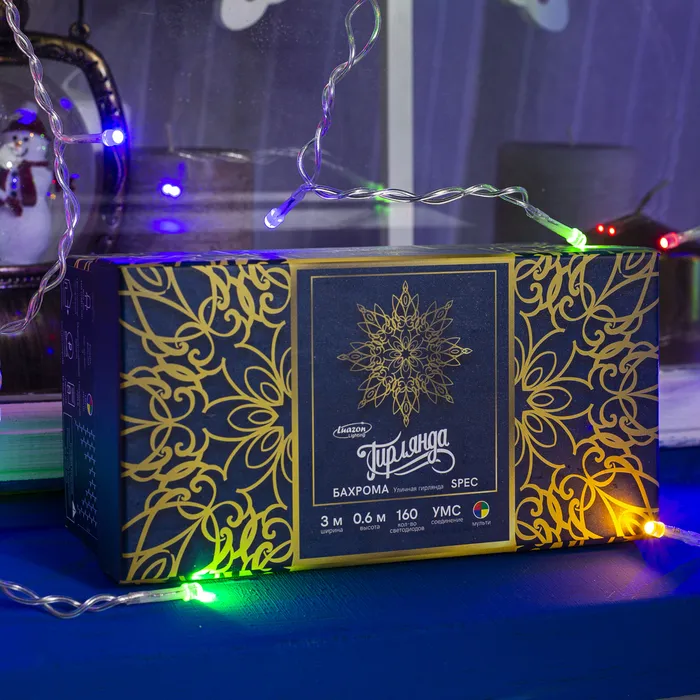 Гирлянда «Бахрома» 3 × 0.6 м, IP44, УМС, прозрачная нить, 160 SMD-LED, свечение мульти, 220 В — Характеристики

==================================================

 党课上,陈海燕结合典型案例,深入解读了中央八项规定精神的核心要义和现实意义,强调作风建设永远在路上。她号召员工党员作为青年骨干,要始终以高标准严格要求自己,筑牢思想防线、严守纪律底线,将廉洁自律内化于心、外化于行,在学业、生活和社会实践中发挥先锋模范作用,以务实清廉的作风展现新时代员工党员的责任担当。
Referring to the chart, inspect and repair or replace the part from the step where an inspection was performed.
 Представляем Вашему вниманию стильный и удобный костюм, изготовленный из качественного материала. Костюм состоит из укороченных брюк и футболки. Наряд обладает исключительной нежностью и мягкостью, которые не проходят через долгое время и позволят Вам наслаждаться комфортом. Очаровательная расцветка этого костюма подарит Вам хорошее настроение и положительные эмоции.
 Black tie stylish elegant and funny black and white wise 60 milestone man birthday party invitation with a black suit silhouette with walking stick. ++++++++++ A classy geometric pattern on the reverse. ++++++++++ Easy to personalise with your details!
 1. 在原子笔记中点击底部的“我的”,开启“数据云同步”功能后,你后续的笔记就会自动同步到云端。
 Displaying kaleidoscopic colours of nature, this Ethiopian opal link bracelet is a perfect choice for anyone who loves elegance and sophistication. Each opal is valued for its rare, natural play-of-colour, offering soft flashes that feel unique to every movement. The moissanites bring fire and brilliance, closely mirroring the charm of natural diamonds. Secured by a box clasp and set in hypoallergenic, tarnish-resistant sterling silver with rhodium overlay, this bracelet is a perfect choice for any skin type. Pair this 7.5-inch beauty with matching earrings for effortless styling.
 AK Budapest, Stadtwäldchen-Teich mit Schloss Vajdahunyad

==================================================

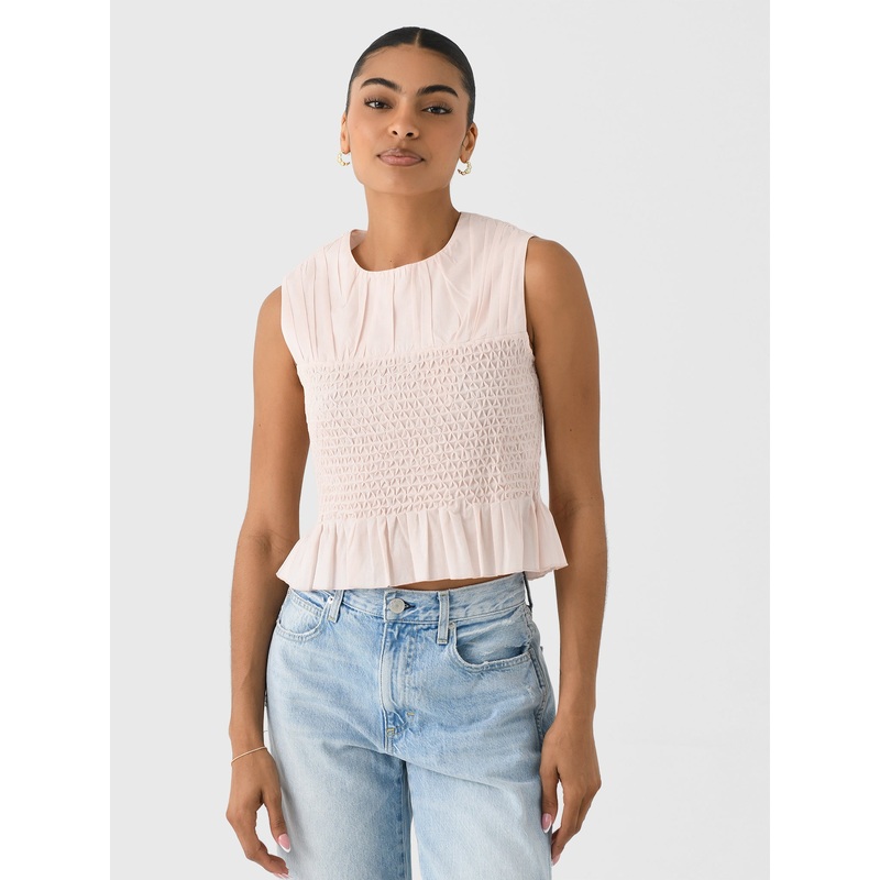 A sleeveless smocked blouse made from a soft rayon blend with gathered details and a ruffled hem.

==================================================

Begin at the line above that has "Displaying kaleidoscopic colours" and stop after the line that has "AK Budapest, Stadtwäldchen-Teich", copying each line exactly and adding nothing else.

 Displaying kaleidoscopic colours of nature, this Ethiopian opal link bracelet is a perfect choice for anyone who loves elegance and sophistication. Each opal is valued for its rare, natural play-of-colour, offering soft flashes that feel unique to every movement. The moissanites bring fire and brilliance, closely mirroring the charm of natural diamonds. Secured by a box clasp and set in hypoallergenic, tarnish-resistant sterling silver with rhodium overlay, this bracelet is a perfect choice for any skin type. Pair this 7.5-inch beauty with matching earrings for effortless styling.
 AK Budapest, Stadtwäldchen-Teich mit Schloss Vajdahunyad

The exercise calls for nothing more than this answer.